While Dynamo gave them a system that met their reliability, performance, and scalability needs, it did nothing to reduce the operational complexity of running large database systems. Since they were responsible for running their own Dynamo installations, they had to become experts on the various components running in multiple data centers. Also, they needed to make complex tradeoff decisions between consistency, performance, and reliability. This operational complexity was a barrier that kept them from adopting Dynamo.

Amazon also started working on SimpleDB for AWS, and found that many of its developers liked SimpleDB. “Ultimately, developers wanted a service” says Vogels.

But SimpleDB had its limitations as well:

The 10GB limit for datasets meant that developers had to work around the limitation if they wanted to use SimpleDB with more than 10GB of data.
SimpleDB’s approach to indexing means that its performance is not predictable.
The “eventual consistency” approach meant that there was a “consistency window” that could last up to 1 second before the database was fully updated.
Complex pricing based on Machine Hours.

So Amazon’s DynamoDB is meant to address the limitations of Dynamo and SimpleDB.

Details on DynamoDB

According to Vogels, “DynamoDB is based on the principles of Dynamo, a progenitor of NoSQL, and brings the power of the cloud to the NoSQL database world. It offers customers high-availability, reliability, and incremental scalability, with no limits on dataset size or request throughput for a given table.”

The current release of DynamoDB offers two types of keys for primary index querying: Simple Hash Keys and Composite Hash Key / Range keys. Simple uses the Distributed Hash Table abstraction described in the original Dynamo paper. The composite key allows developers to use a primary key that is a unique has key with a range of attributes. Vogels’ example, “all orders from Werner in the past 24 hours, all log entries from server 16 with clients IP addresses on subnet 192.168.1.0.”

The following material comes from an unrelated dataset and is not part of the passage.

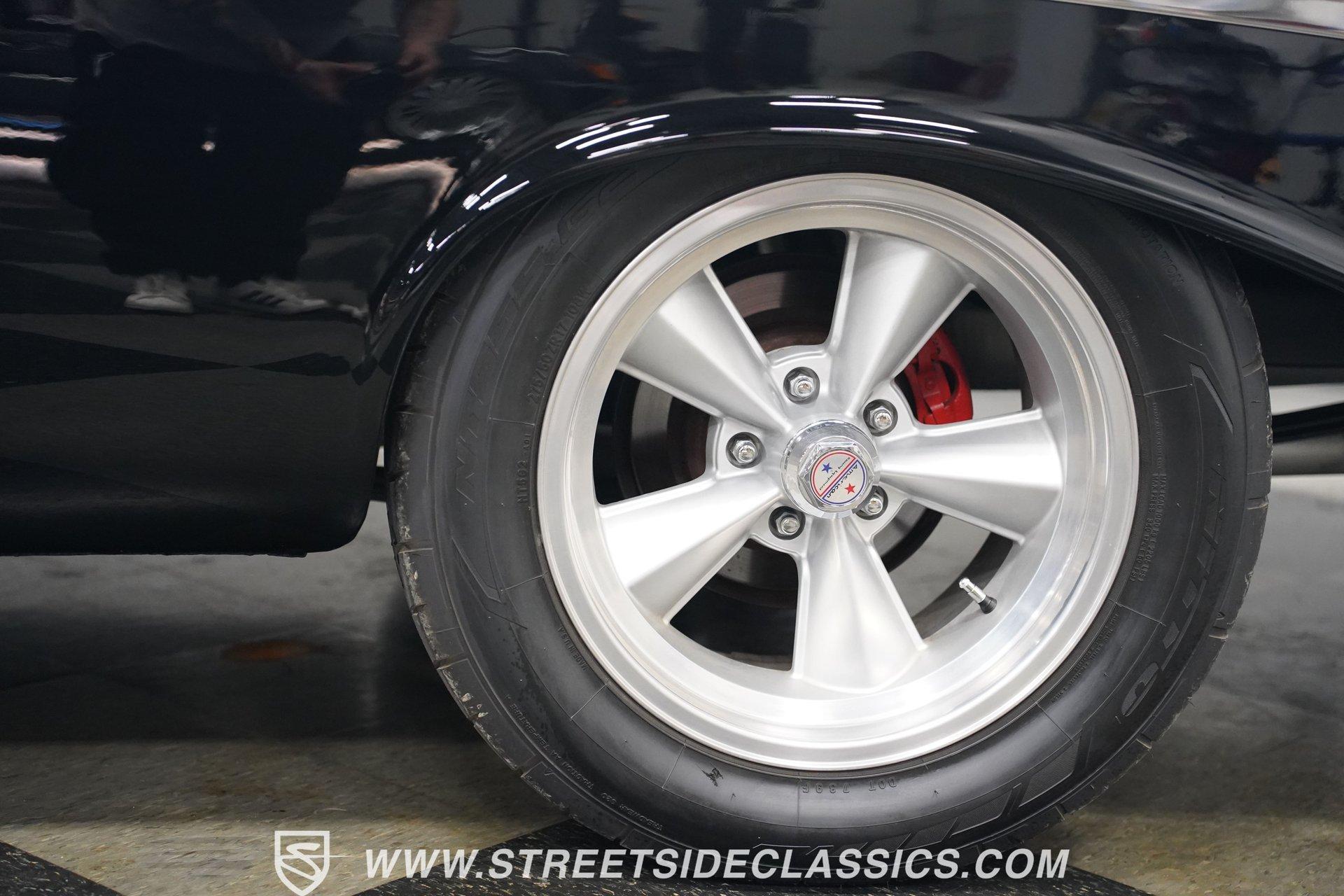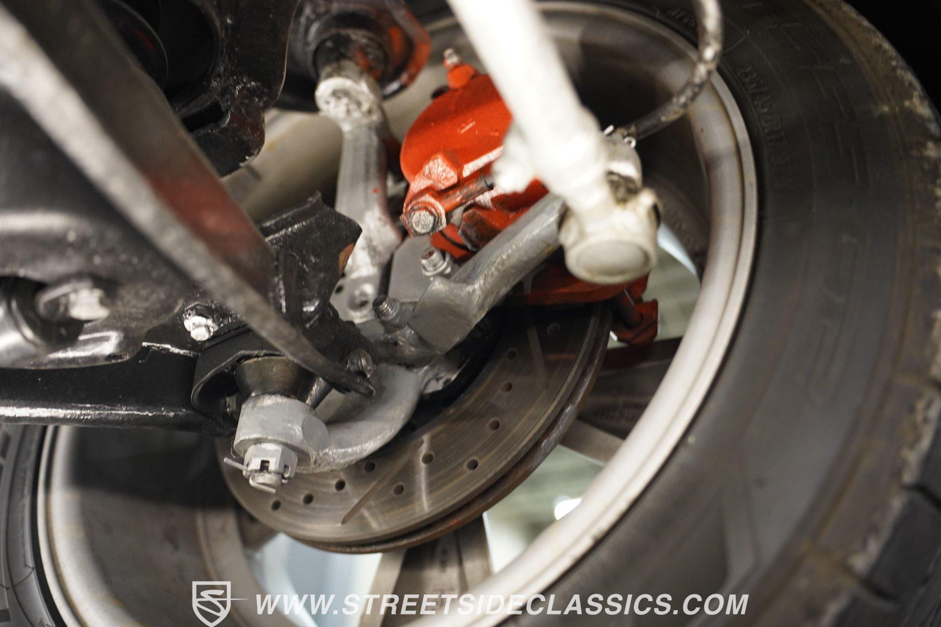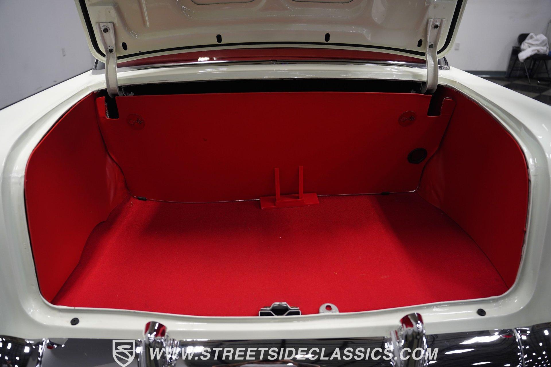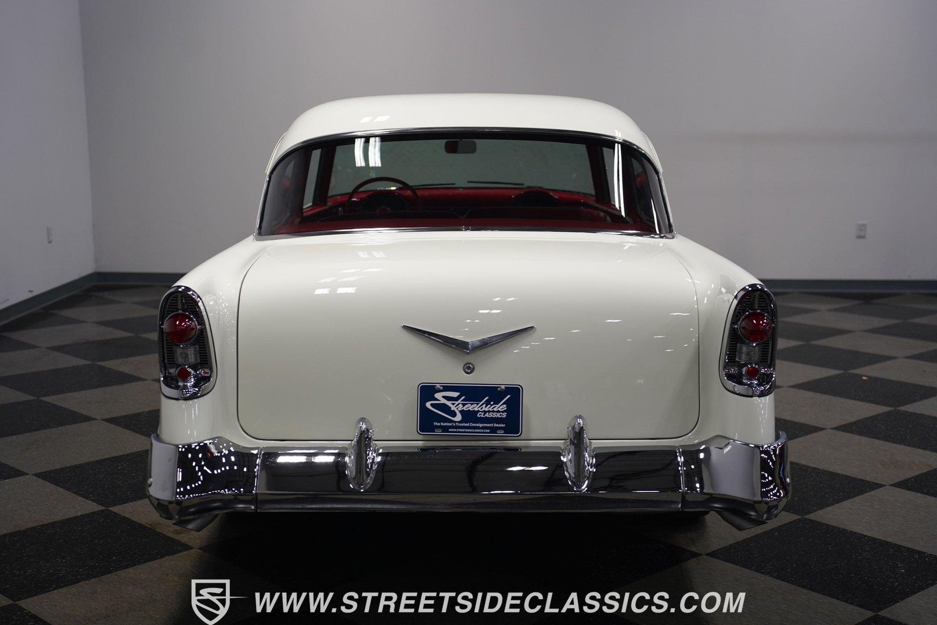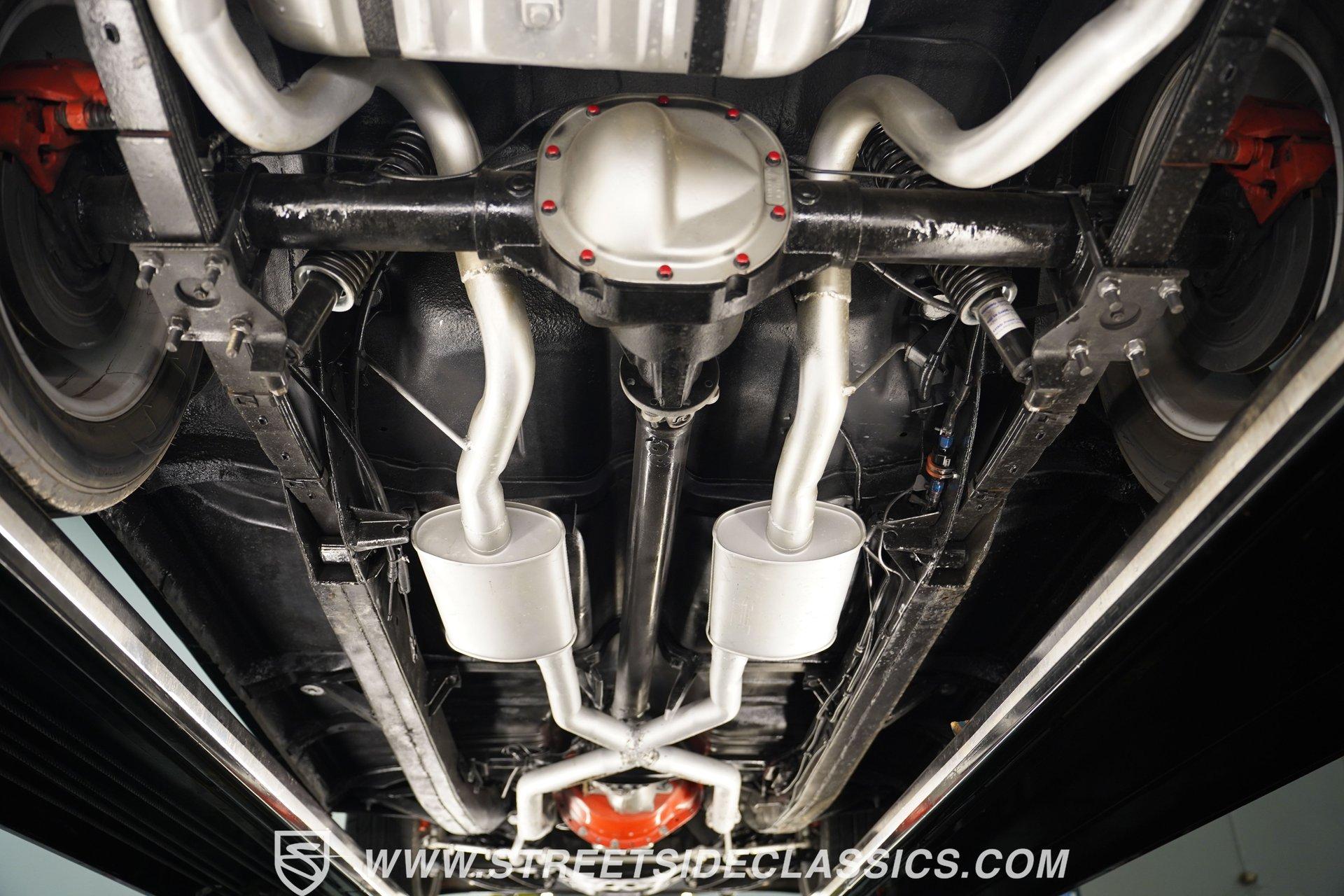 Frame-off built from the ground up, this 1956 Chevrolet 210 wears a bold two-tone finish with black covering the lower section and white across the roof. The 17-inch American Racing wheels fill the wheel wells perfectly, wrapped in 235/45ZR17 front and 275/50ZR17 rear tires for an aggressive road stance. Upgraded tri-bar headlights add modern illumination while maintaining the classic look. The brightwork gleams flawlessly against the contrasting paint while dual exhaust with an X-pipe exits the rear, giving onlookers something to admire from every angle. Red dominates the cabin with two-tone red and gray vinyl bench seats that add visual flair and comfort. Dakota Digital gauges offer clear readouts of vital stats while maintaining a period-correct appearance. The floor-mounted Hurst shifter controls the Muncie M20 four-speed manual with precision. A smaller radius steering wheel mounted on a tilt column improves control during maneuvers. The retro-style AM/FM/AUX stereo with Bluetooth plays your favorite tunes while Vintage Air vents mounted under the dash keep you cool during summer cruises. A 1967 Chevrolet 327 V8 with aluminum AFR heads pushes an estimated 275 horsepower through a Holley double pumper carburetor with electric choke. An Edelbrock intake manifold handles air distribution while ceramic-coated long-tube headers connect to an Xlerator dual exhaust system with X-pipe. The billet serpentine belt system looks sharp against the GM orange paint on the block. A Ford 8.8 rear end with 3.88 gear ratio puts power to the pavement. Four-wheel power disc brakes with drilled and slotted rotors bring everything to a stop quickly and effectively. HIGHLIGHTS: 327 V8 Engine 275hp with Aluminum AFR Heads 4 Speed Muncie M20 Manual Transmission Holley Double Pumper Carburetor with Electric Choke Edelbrock Intake Manifold Ceramic Coated Long Tube Headers Dual Exhaust with X-Pipe and Xlerator Mufflers Billet Serpentine Belt System Ford 8.8 Rear End with 3.88 Gear Ratio Four-Wheel Power Disc Brakes with Drilled and Slotted Rotors Helper Coils in Rear Suspension Aluminum Radiator with Electric Fan Power Steering Two-Tone Black and White Paint 17" American Racing Wheels in 235/45ZR17 Front, 275/50ZR17 Rear Tires Upgraded Tri-Bar Headlights Dual Exhaust Red Interior with Two-Tone Red and Gray Bench Seats Vintage Air Conditioning with Under-Dash Vents Dakota Digital Gauges Retro-Style AM/FM/AUX Stereo with Bluetooth Hurst Shifter Tilt Steering Column Smaller Radius Steering Wheel Red Carpet Frame-Off Restoration Modified and ready for action, this 1956 Chevrolet 210 combines classic Tri-Five styling with modern performance upgrades. The black and white exterior, red interior, and 327 V8 make an unbeatable combination for your next street machine. Call today!

DynamoDB will replicate data over 3 data centers at a minimum. It doesn’t require a fixed schema, and every data item can have any number of attributes. It’s meant to be fast, all data is stored on Solid State Drives, and it does not index all attributes. Vogels claims that “an application running in EC2 will typically see average service-side latencies in the single-digit millisecond range for a 1KB object.”

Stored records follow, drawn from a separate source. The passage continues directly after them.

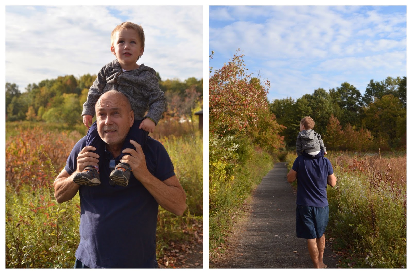 2. How fun! What a beautiful walk. I LOVE the changing colors of the leaves during the fall. If only we got that here and I didn't just have to look at pictures and daydream. Noah is too cute with your mom and dad! You can tell how much he loves them and loves being with them. He just looks so happy up there on grandpa's shoulders!
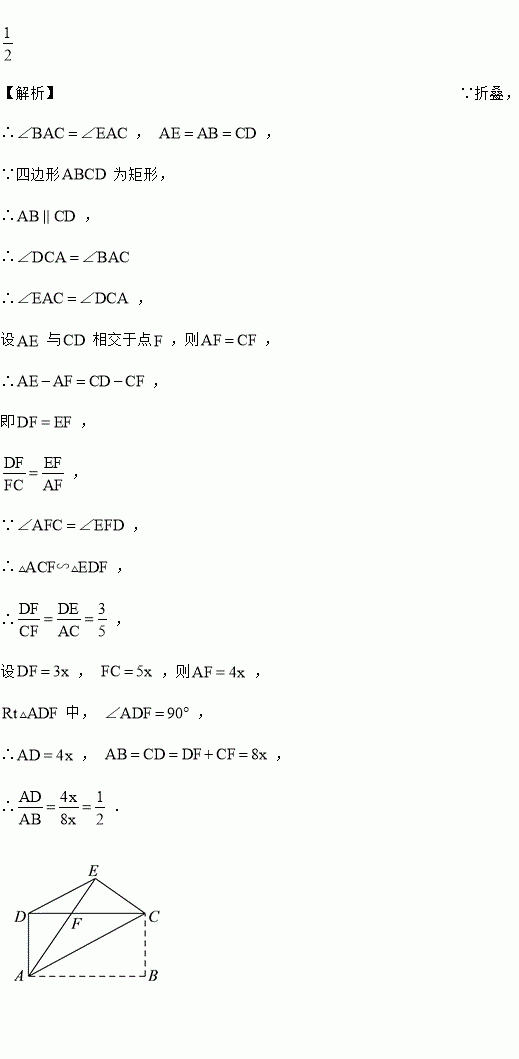 如图,已知四边形ABCD是矩形,把矩形沿直线AC折叠,点B落在点E处,连接DE.若DE:AC=3:5,则的值为________.
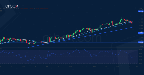 The US dollar continues upward as the Fed is set to increase its interest rates by 25bp. The rally sped up after it cleared the daily resistance at 0.9360.
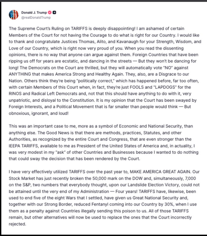 “Effective immediately, all National Security TARIFFS, Section 232 and existing Section 301 TARIFFS, remain in place, and in full force and effect. Today I will sign an Order to impose a 10% GLOBAL TARIFF, under Section 122, over and above our normal TARIFFS already being charged…” – President Donald J. Trump
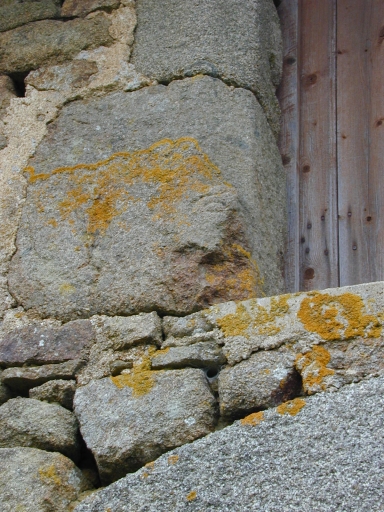 Détail du jambage de la porte haute : tête de personnage sculptéeImmatriculation
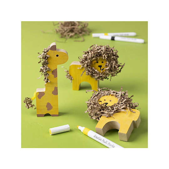 Originální sada dřevěných safari zvířátek pro dozdobení a hraní. Roztomilé figurky ze masivního dřeva si děti mohou vyzdobit podle vlastní fantazie – barvami, fixami nebo kreativními hmotami. Zvířátka jsou dost pevná na hraní a zároveň vypadají skvěle jako dekorace v dětském pokoji. Krabička obsahuje: • 10 dřevěných figurek safari zvířat (2× slon, 2× nosorožec, 2× krokodýl, 2× lev, 2× žirafa) • Pevné masivní dřevo – ideální na malování i kreativní zdobení • Figurky vhodné na hraní i jako dekorace Zábava a rozvoj dovedností: • Děti rozvíjí kreativitu a jemnou motoriku při vybarvování a zdobení • Figurky se dají upravit mnoha způsoby – každý kus může být originál Tipy na tvoření (výtvarné potřeby pro zdobení se prodávají samostatně): • namalovat hobby barvami nebo dozdobit kreativními fixami • přidat strukturu a lesk pomocí Foam Clay® nebo třpytivé hmoty • vyrobit hřívu či srst z natrhaného papíru nebo příze Rozměry zvířátek: výška 3-14,5 cm, tloušťka 2 cm Výtvarné potřeby pro zdobení zvířátek nejsou součástí balení. Vhodné pro děti od 3 let.
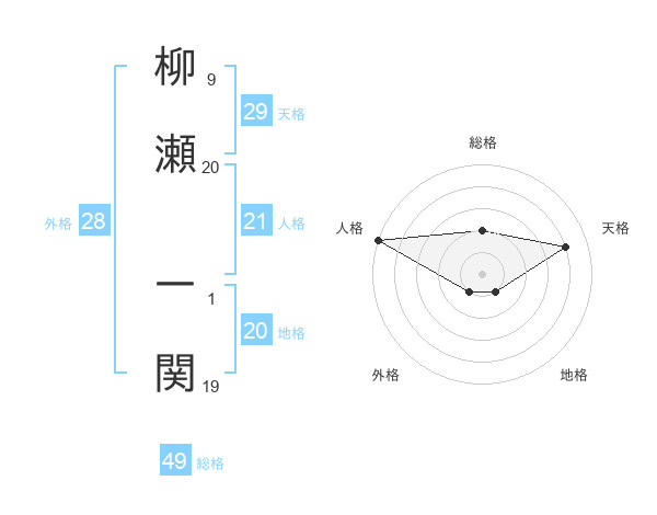 柳瀬 一関さんの総格は49画の2点!

What’s more, latency is predictable says Vogels. “Even as datasets grow, latencies remain stable due to the distributed nature of DynamoDB’s data placement and request routing algorithms.” Vogels says that DynamoDB will have provisioned throughput, so customers can “specify the request throughput capacity they require for a given table.” This is a variable setting, so customers can increase or decrease the capacity on-demand using the management console or APIs.

Cost

What about pricing? One of the complaints about the SimpleDB pricing was complexity. I’m not sure that DynamoDB really solves that problem. Here’s how DynamoDB pricing breaks down:

Data storage is $1.00 per GB-month.
Data transfer is free for incoming data, and free up to 10TB per month and between AWS services. After that pricing is $0.12 per GB up through 40TB and pricing continues to drop through 350TB. If you need to transfer more than 524TB, contact Amazon for pricing.
Throughput capacity is charged at $0.01 per hour for every 10 units of write capacity, $0.01 per hour for every 50 units of read capacity.

That’s where it gets tricky. Amazon’s description says “a unit of Write Capacity enables you to perform one write per second for items of up to 1KB in size. Similarly, a unit of Read Capacity enables you to perform one strongly consistent read per second (or two eventually consistent reads per second) of items of up to 1KB in size. Larger items will require more capacity.”

Amazon also has a free tier that gives 100MB of free storage and 5 writes/second and 10 reads/second of throughput capacity.

The service is already being used by a number of high-profile services like IMDB, SmugMug, Elsevier, Tapjoy and Formspring. I’d be curious to hear with ReadWriteCloud readers think of DynamoDB, especially if you’re already using SimpleDB. Is this something you’re likely to switch to? If not, why not?